*What to do*. Leave out the images; return the rest of the data exactly.

*Recorded data*.
Content starts

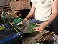 Our idea to put glass bottles in the wall includes incorporating each bottle into a tree design to allow light to shine into the green shed. To allow for maximum light per bottle they will be cut off at a wide cross section and secure them open side to open side, effectively making a glass cylinder. We then wrap the bottles in aluminum flashing and secure it with duct tape. We also needed to scrape each bottle clean of its label to allow for maximum light to go through the bottle into the shed. This was done in the past at CCAT, though the example is no longer in existence, the following appropedia page outlines a project very similar to ours. https://www.appropedia.org/Cob_and_Glass_Bottle_Wall_at_CCAT.
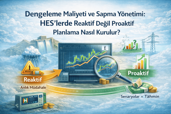 RENEWASOFT | TEKNiK BLOG Okuma Süresi: ~18- 20dk | Seviye: Orta Hedef Kitle: HES işletmecileri, SCADA mühendisleri, enerji şirketi yöneticileri Dengeleme Maliyeti ve Sapma Yönetimi: HES’lerde Reaktif Değil Proaktif Planlama Nasıl Kurulur? Hook + problem tanımı Bir HES’te “sapma” çoğu zaman sahada küçük görünür: debi beklenenden az gelir, türbin verimi düşer ya da bir kapak [...] Read More
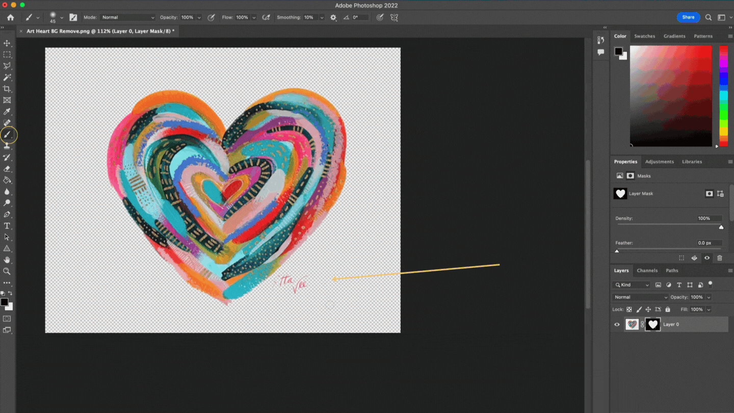 In my example, there are a couple of things we need to do to clean up the final illustration before exporting it. You’ll notice that my signature is still at the bottom of the heart. I want to remove that so the design is on its own. This is super easy to do with a clipping mask!
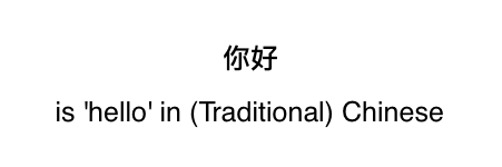 grid.text("is 'hello' in (Traditional) Chinese", y=1/3)

Content ends

*Your solution*.
 Our idea to put glass bottles in the wall includes incorporating each bottle into a tree design to allow light to shine into the green shed. To allow for maximum light per bottle they will be cut off at a wide cross section and secure them open side to open side, effectively making a glass cylinder. We then wrap the bottles in aluminum flashing and secure it with duct tape. We also needed to scrape each bottle clean of its label to allow for maximum light to go through the bottle into the shed. This was done in the past at CCAT, though the example is no longer in existence, the following appropedia page outlines a project very similar to ours. https://www.appropedia.org/Cob_and_Glass_Bottle_Wall_at_CCAT.
 RENEWASOFT | TEKNiK BLOG Okuma Süresi: ~18- 20dk | Seviye: Orta Hedef Kitle: HES işletmecileri, SCADA mühendisleri, enerji şirketi yöneticileri Dengeleme Maliyeti ve Sapma Yönetimi: HES’lerde Reaktif Değil Proaktif Planlama Nasıl Kurulur? Hook + problem tanımı Bir HES’te “sapma” çoğu zaman sahada küçük görünür: debi beklenenden az gelir, türbin verimi düşer ya da bir kapak [...] Read More
 In my example, there are a couple of things we need to do to clean up the final illustration before exporting it. You’ll notice that my signature is still at the bottom of the heart. I want to remove that so the design is on its own. This is super easy to do with a clipping mask!
 grid.text("is 'hello' in (Traditional) Chinese", y=1/3)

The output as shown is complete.